China’s stock market crash: Symptom of bigger crisis

Walden Bello

This is AI generated summarization, which may have errors. For context, always refer to the full article.

China’s stock market crash: Symptom of bigger crisis
Will the current leadership continue to tread softly around the powerful set of interests that has dominated society for 30 years or will it muster the courage to break with the political economy of export-oriented rapid growth?

The spectacular cratering of the Shanghai stock market, which lost nearly 40 percent of its value in just 10 weeks, is a sign of a much bigger problem.

It is always amazing how the stock market pulls big surprises over those who should know better. The momentous rise in share prices in the Shanghai stock exchange from mid-2014 to the middle of this year, when the bourse’s composite index shot up by 150 percent, should have been a strong indication of what Alan Greenspan labeled “irrational exuberance,” of an impending collapse in stock prices owing to their severe deviation from the real value of assets being traded.

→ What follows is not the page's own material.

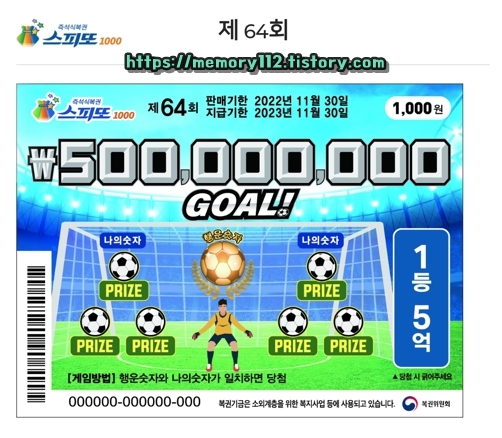 22년 05월 16일 월요일부터 판매가 시작된 스피또1000 64회차 복권 디자인입니다. 이번 복권 디자인은 축구 컨셉이네요.

But, like Greenspan during the 2008 Wall Street crisis, neither the Chinese investors, nor foreign investors, nor the Chinese government seemed prepared when the market began to crater mid-June and the Shanghai composite index plunged by 40 percent in a few weeks’ time, triggering a global collapse of stock prices, forcing Beijing to intervene and buy up market shares, and when that failed, prompting it to devalue the yuan.

The Beijing stock market collapse marks the deepening of the third stage of the contemporary crisis of global capitalism. The first phase was the Wall Street financial bust in 2008. The second was the European sovereign debt crisis, which dovetailed into the Wall Street rout the following year. Massive stimulus programs, such as China’s US$585 billion package in 2009, enabled the so-called big emerging economies or BRICS (the acronym for Brazil, Russia, India, China, and South Africa) to stave off the depressive effects of the US and European recessions following the financial bust, leading analysts such as Nobel Prize laureate Michael Spence to think that they would replace the traditional economic hegemons as the new drivers of the world economy and herald a new wave of global growth.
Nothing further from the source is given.